SALT Limitation partial work around

Ref: CA Assembly Bill 150 (IRS approval via IRS Notice 2020-75)

IMPORTANT: THIS ONLY APPLIES TO CALIFORNIA INDIVIDUALS WHOSE BUSINESS IS USING A PASS-THROUGH ENTITY SUCH AS AN S CORPORATION, PARTNERSHIP OR LLC.

Executive summary:

  1. State and local tax deduction (SALT) is limited to $10,000 on the federal return itemized deduction. This effectively means that the state income tax paid via the taxpayer’s W2 is not a federal deduction.
  2. If the election is made on the entity return, the entity pays tax on behalf of the shareholder/owner/partner (s/h) equal to 9.3% of the net income from the entity.
  3. The s/h reduces CA income tax withholding on his/her W2 by the same amount.
  4. The federal net income on Form K-1 is reduced the the amount paid to the state, effectively providing a deduction.
  5. The s/h receives a state credit on his/her individual return for the amount paid on his/her behalf. This credit is NOT REFUNDABLE, but can be carried forward five years.

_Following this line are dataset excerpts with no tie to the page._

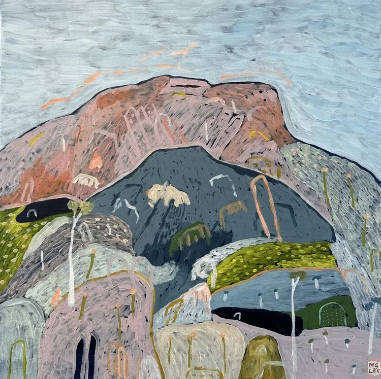 Misa Gelin draws inspiration from her journeys across the countryside with her trusty dog in tow. Misa’s paintings reflect both present memories and past adventures and are imbued with a secret visual language. Using her brushes until they are nearly worn out, Misa paints with both intensity and gentleness, allowing her strokes to intuitively ebb and flow across the canvas whilst capturing texture. Painting is not just a creative pursuit but a way of life, a harmonious rhythm recording the beauty of her surroundings and the richness of life itself.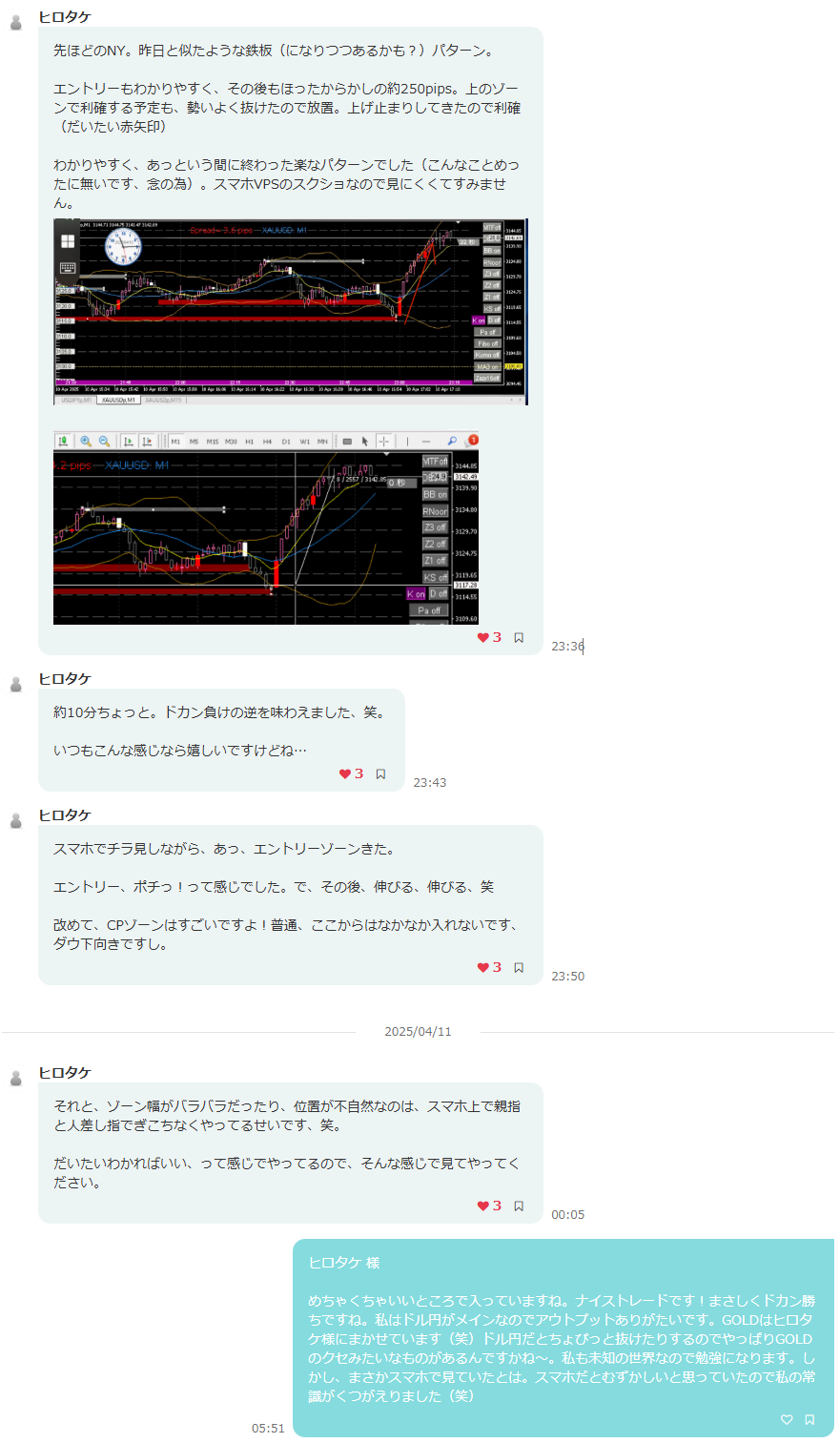 今までデイトレ(短いスウィング)のみだったのですが、難しいと思っていたスキャルピングの楽しさを実体験でき本当に感謝しています。今はドル円に加えゴールドとの2チャートで見ています。私の性格的にはゴールドがあっている気がしています。今までは低ロットでしたが、2月からは2倍ぐらい上げていくつもりです。引き続きいろいろ教えてください、宜しくお願い致します。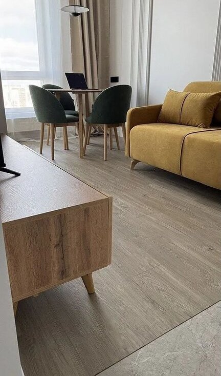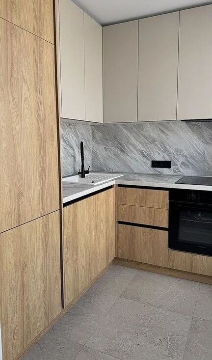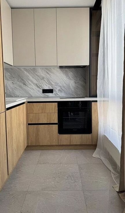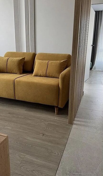 - Кухня-гостиная объединена в просторную зону с раскладным диваном, что делает ее идеальной для приема гостей или семейных вечеров;

When is the DUE DATE of the payment?

  1. For 2021 calendar year entity: March 15, 2022.
  2. For 2022 through 2025: Greater of $1,000 or 50% of the prior amount due 6/15 of the following year and remainder by the March 15 filing date. (If this date is missed, the entity cannot use this election for that year).

IMPORTANT: For cash-basis individual shareholders (and most are)… THE ABOVE DUE DATES IN ITEMS 1 & 2 ABOVE WOULD CHANGE TO DECEMBER 31, 2021 AND DECEMBER 31, 2022 RESPECTIVELY (not March 15).

Business food 2021 / 2022

Source: Consolidated Appropriations Act, 2021. PL 116-260.

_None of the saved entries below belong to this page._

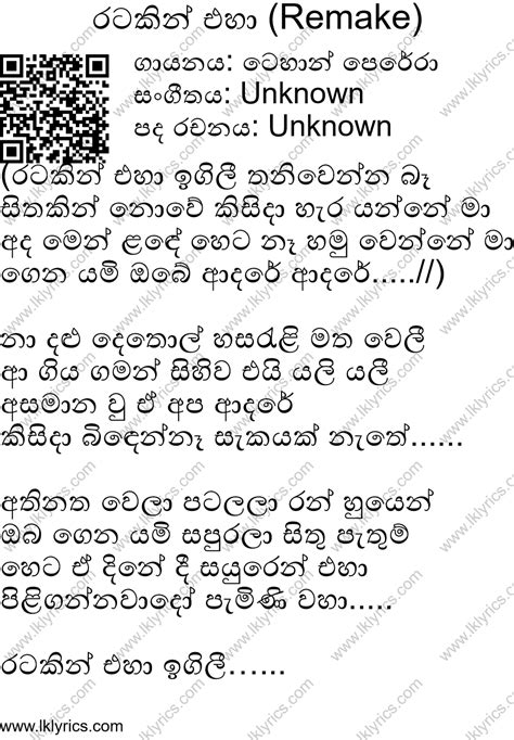 Priya sooriyasenasandahiru music tracksමෙම ගීතයේ නව ලිපිනය : Priya suriyasena · song · 1978. Web ratakin eha igilee karaoke without voiceartist : Web read about ratakin eha from tehan & shameen's twist and see the artwork, lyrics and similar artists. Web [chorus] a e ratakin ehaa igilee, thaniwenna bea a sithakin nowe kisida, harayanne maa a7 d adamen lande heta nea hamuwenne maa a e a genayami obe adare adare. Web listen to ratakin eha on spotify. Priya sooriyasena · song · 2021. Priya sooriyasenasandahiru music tracksමෙම ගීතයේ නව ලිපිනය : Web listen to ratakin eha on spotify. Tehan & shameen original singer: Web for all those who's being offshore and missed their loved ones.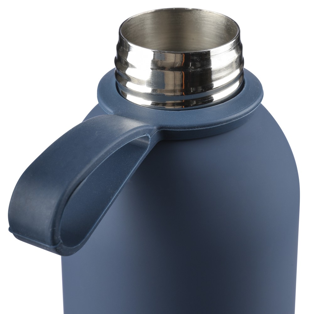 Újrahasznosított rozsdamentes acélból készült duplafalú vákuumpalack, 500 ml-es. 304-es rozsdamentes acél belsővel és 201-es rozsdamentes acél külsővel. Gumírozott felülettel, fém díszítésű csavaros PP kupakkal és szilikon hordfüllel. Gravírozott, újrahasznosított logóval. Csomagolása barna papírdoboz. Emblémázás: Gravírozás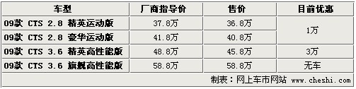 據4S店銷售人員介紹:目前在售的凱迪拉克09款CTS共有2.8L和3.6L兩個排量車型。這4款車型目前優惠幅度較小,最高優惠3萬元。2.8L車型目前優惠1萬元,3.6升精英版優惠3萬元,頂配車型無現車。由于CTS在凱迪拉克系列中不是主打車型,所以優惠幅度較小,也與其進口車型有關。如果您對此款車感興趣,請及時與店內聯系。

100% business deduction for food from restaurant.

For 2021 and 2022, to help the restaurant industry, Congress has removed the 50% limitation for business meals from a restaurant. Restaurant is defined as a business that prepares and sells food or beverages to retail customers for immediate consumption, regardless of whether the food or beverages are consumed on the business’s premises.

Restaurants are not:

  1. grocery, beer, wine or liquor store
  2. vending machine or kiosk
  3. an eating facility located on the employer’s business premises

THE ABOVE CONTINUE TO RECEIVE THE 50% DEDUCTION ‘HAIRCUT.’

In your accounting records for 2021/2022 it will be important that you specifically segregate business food that is not from a restaurant and continues to be subject to the 50% rule.